Press Release
March 18, 2022 • 3 min read
Humanitarian needs are growing in Syria’s northwest despite continued effort to reach more communities.
GOAL remains one of the leading aid agencies supporting conflict-affected and vulnerable people in Northwest Syria. Operating in Syria since 2012, GOAL currently has more than 900 local staff working to deliver aid in Idleb and Northern Aleppo, supported by teams in Jordan, Turkey, and Dublin. GOAL’s programmes in Northwest Syria focus on emergency response (including winterisation and disaster preparedness against floods and snowstorms) and shelter improvement, promoting resilient healthcare by supporting the supply of clean piped water, improving food security through in-kind and cash-based assistance, and providing nutrition aid for young children and pregnant and lactating mothers.
The war in Syria has resulted in the world’s largest and most protracted migration crisis, with more than 5.6 million Syrians fleeing the country to escape the conflict and over 6 million people displaced inside Syria.
GOAL’s work in Northwest Syria has continued to evolve over the last 10 years. In 2020, GOAL began scaling up its cash-based humanitarian programmes, and initiated projects to support strengthening of local markets to help early recovery.
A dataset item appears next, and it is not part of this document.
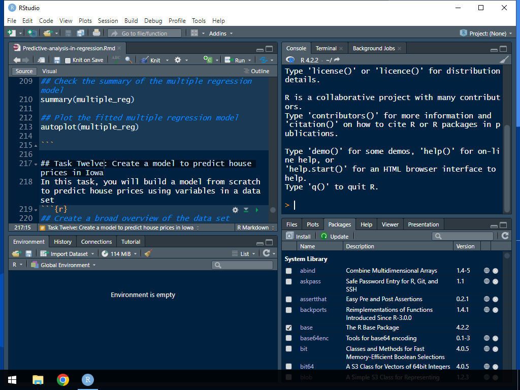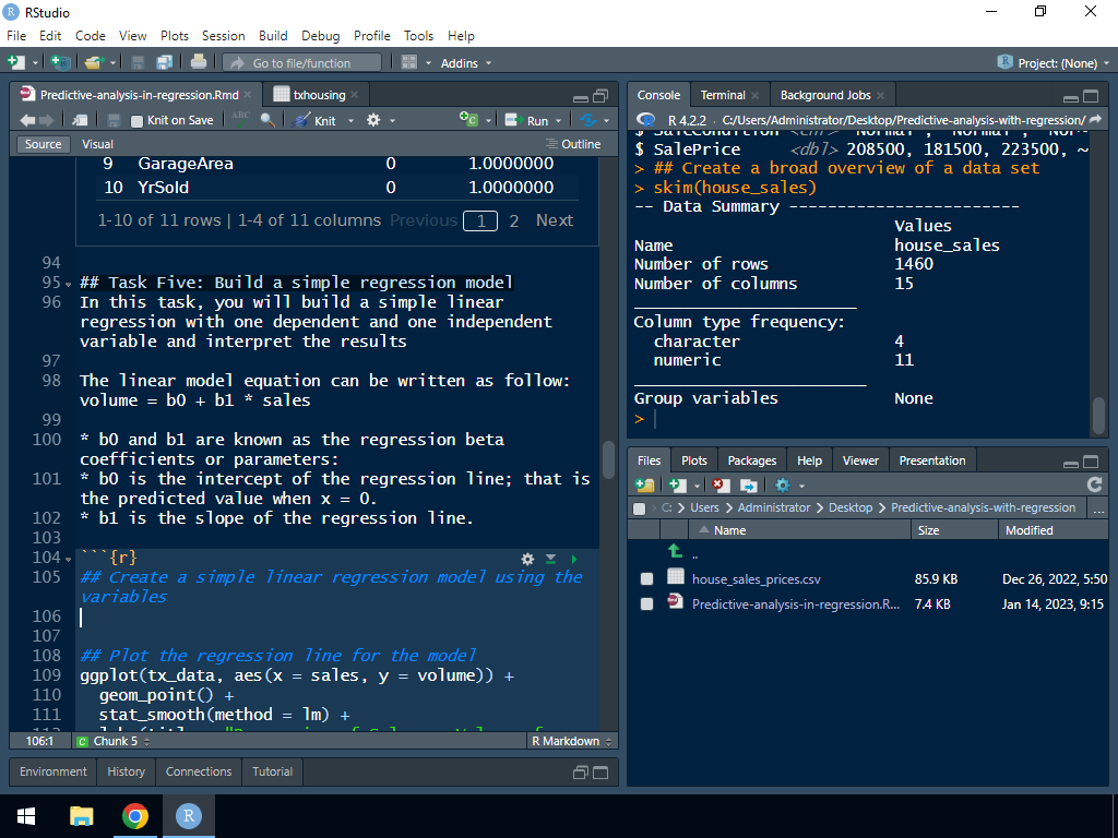 De plus en plus, l'analyse prédictive façonne les décisions des entreprises en matière de ressources limitées. Dans ce projet, vous construirez un modèle de régression pour faire des prédictions. Nous commencerons ce projet pratique en explorant l'ensemble de données et en créant des visualisations pour l'ensemble de données. À la fin de ce projet de 2 heures, vous serez en mesure de construire et d'interpréter les résultats d'un modèle de régression linéaire simple en R. Vous apprendrez également à effectuer des évaluations de modèles et à vérifier les hypothèses à l'aide de diagrammes de diagnostic. Par extension, vous apprendrez à construire et à interpréter les résultats d'un modèle de régression linéaire multiple. Pour réussir ce projet, vous devez être familier avec l'utilisation de R pour décrire des données. Si vous n'êtes pas familier avec R et que vous souhaitez en apprendre les bases, commencez par mon précédent projet guidé, "Getting Started with R" Cependant, si vous êtes à l'aise avec l'utilisation de R, rejoignez-moi pour cette belle et passionnante balade ! Mettons-nous les mains dans le cambouis !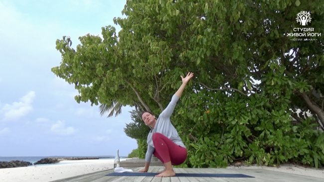Игривая, динамичная, круговая практика с хорошей разминкой, скрутками и балансами. Идеальна в качестве утренней зарядки.

GOAL also continues to support the supply of clean piped water to a population of over 850,000, and provides technical assistance and inputs to 32 bakeries to make affordable bread available for more than 160,000 families.
Since 2020, GOAL has also been active in advocating with the UN and other stakeholders for the renewal of the Security Council’s cross-border humanitarian assistance resolution critical to the supply of aid into Northwest Syria.
Speaking about his work, Nebras Haj Hamdan, Area Coordinator for Idleb with GOAL’s Syria Response Programme, said:
“I began working with GOAL in 2013, after having experienced displacement myself when the war started. Our efforts to support water stations and bakeries in new communities in Northwest Syria, and to reach more vulnerable families with sustainable food security assistance in addition to safe water and subsidised bread have brought vital support to conflict-affected populations all these years. But there is an urgent need for long term programmes focused on early recovery and livelihoods for the new generation of Syrians to not lose hope in the future of their country.”
Kasem Hijazy, Area Coordinator for Northern Aleppo with GOAL Syria Response, said:
“We regularly witness the damage to displacement camps following yearly floods and snowstorms. We meet mothers who cannot afford to take their malnourished children to the region’s few remaining healthcare centres. GOAL will continue to plan and deliver new humanitarian programmes in emergency response, food security and nutrition assistance, and shelter support, but more needs to be done to ensure that this life-saving work can be continued and expanded.”
Also speaking about the agency’s humanitarian response in Syria, Mary Van Lieshout, GOAL’s Deputy CEO and Director of External Affairs, said:
“The people of Syria have withstood incredible levels of pain, loss, and destruction but without a political solution, Syrian people will be unable to move on with their lives.”
“Funding for humanitarian assistance in Syria and the Middle East is increasingly stretched, making life even harder for people who have few other options as they hope, year after year, that the end of the war might be in sight. As an elected member of the UN Security Council, Ireland must use this opportunity to continue to support humanitarian programmes in Syria and the wider region and to advocate for the protection of vulnerable Syrian communities.”